Chung Cheng High School was named after Chiang Kai-shek, Premier of the Republic of China, to attract students and boost the school's reputation.

===Uniform and attire===
Chung Cheng High (Main)'s uniform consists of a white studded shirt with eight-pleated skirts for female students, shorts for male students in lower secondary levels, or long pants for boys in upper secondary levels. The studded shirt features two chest pockets and seven metal buttons in total, two the shoulders, two on each pocket and three down the front, a distinct feature of its heritage as a former Chinese middle school. The school badge and a red name tag is worn with the uniform, with the exception of councillors which features distinct badges. A red school tie is worn during important school functions.

==Affiliations==
Chung Cheng High School (Main) is affiliated with its former branch school, Chung Cheng High School (Yishun), located at Yishun Street 61. Both schools are affiliated to Nanyang Junior College, located at Serangoon Avenue 3.

==Campus==
Chung Cheng High School (Main) is renowned for its lake, known as the Zhongzheng Lake. The administration building (Zhulin Building), a gazetted national monument on 10 July 2014, has the auditorium which was the largest in the whole Southeast Asia region when it was opened. The building was designed by Ho Beng Heng, an alumnus of the school.

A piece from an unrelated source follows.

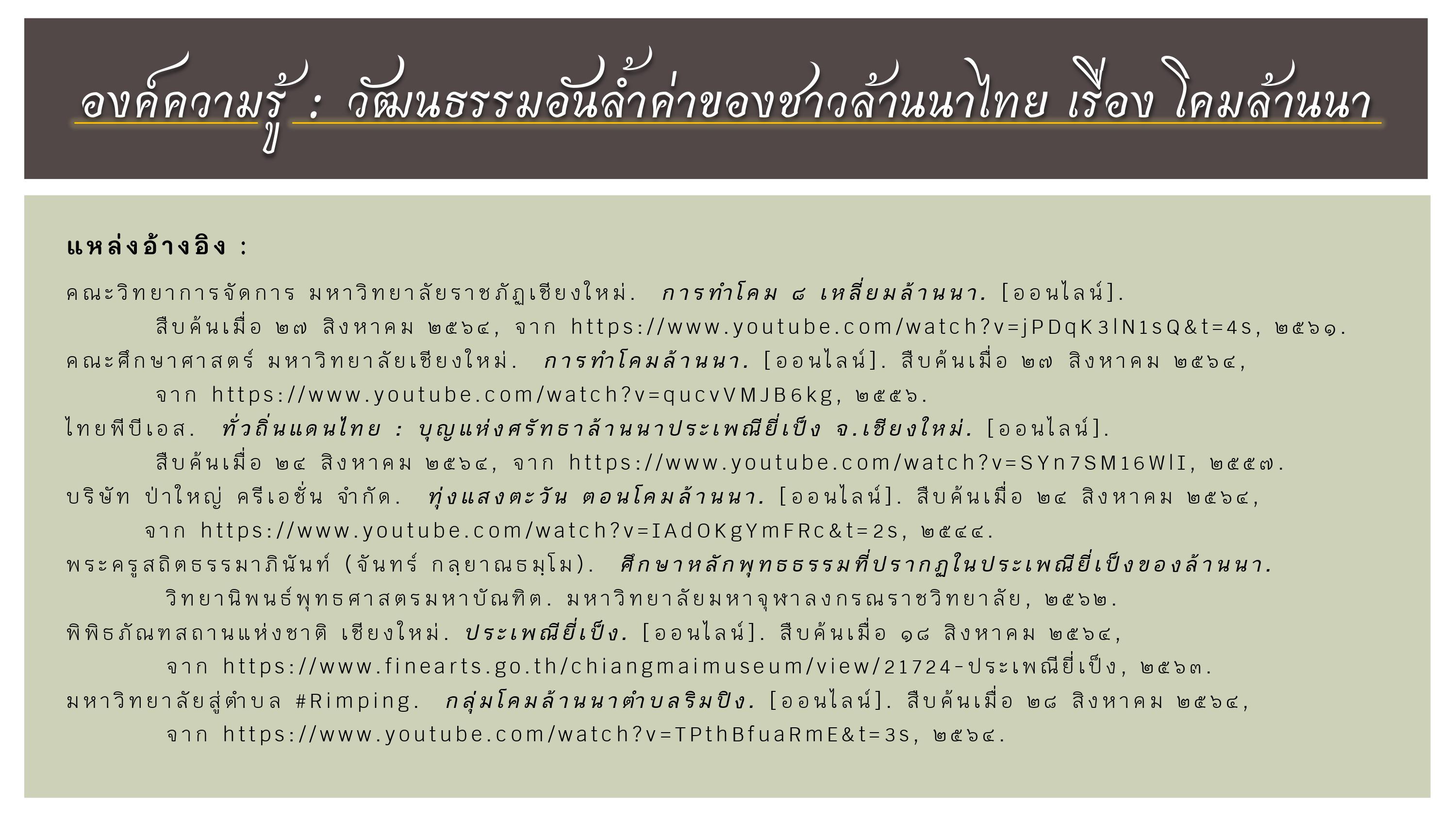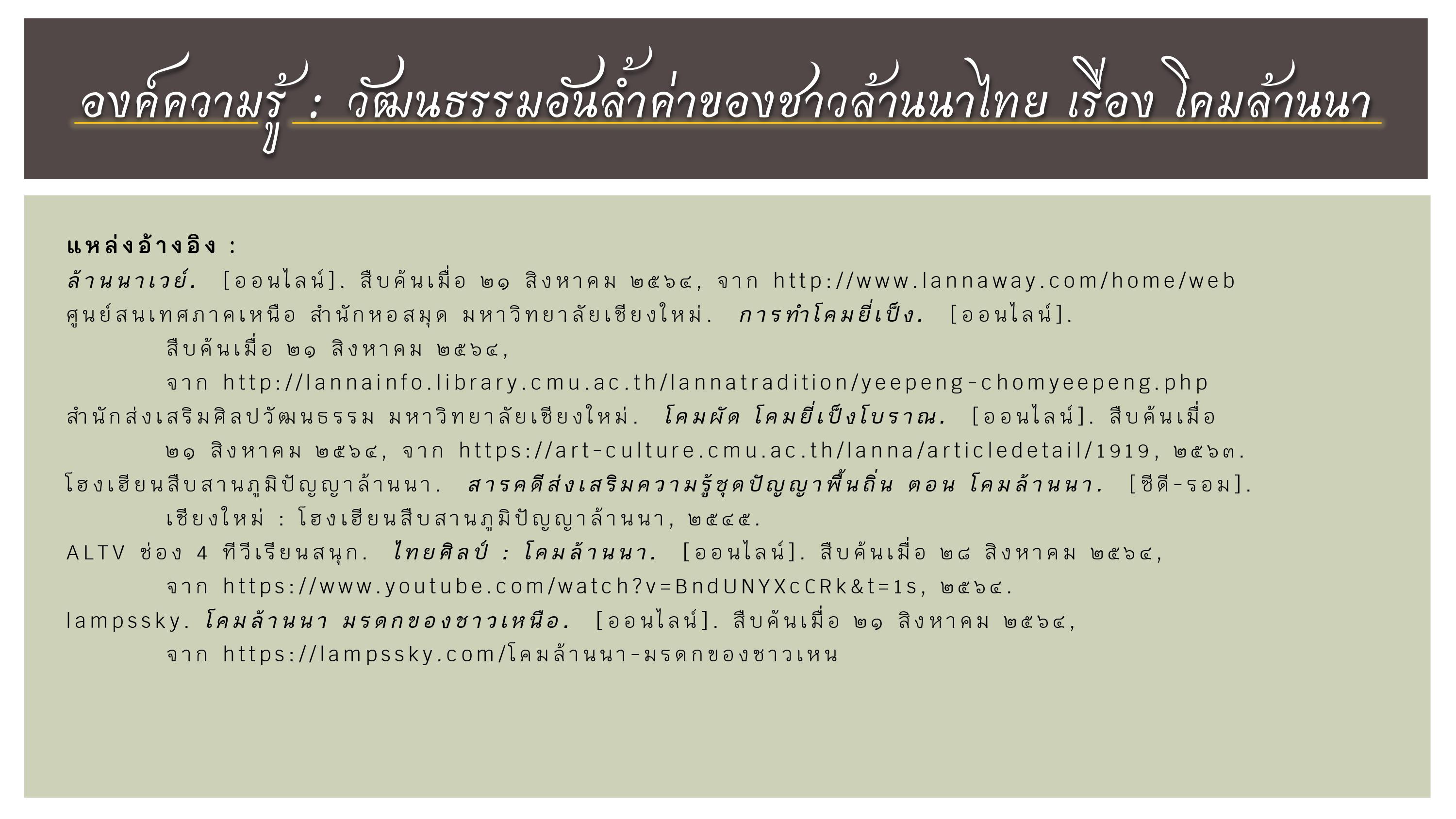 ALTV ช่อง 4 ทีวีเรียนสนุก. ไทยศิลป์ : โคมล้านนา. [ออนไลน์]. สืบค้นเมื่อ ๒๘ สิงหาคม ๒๕๖๔, จาก https://www.youtube.com/watch?v=BndUNYXcCRk&t=1s, ๒๕๖๔.

Constructed using reinforced concrete, the building features a modern functional layout displaying Chinese architectural identities such as the prominent double-tier roof with glazed Chinese tiles, and cloud and bat motifs.

The Entrance Arch of the school, also a gazetted national monument, features stylised motifs of bats, which represent good fortune and happiness. Ornamented stone pedestals clad the base of the posts, which are believed to resemble calligraphy brushes.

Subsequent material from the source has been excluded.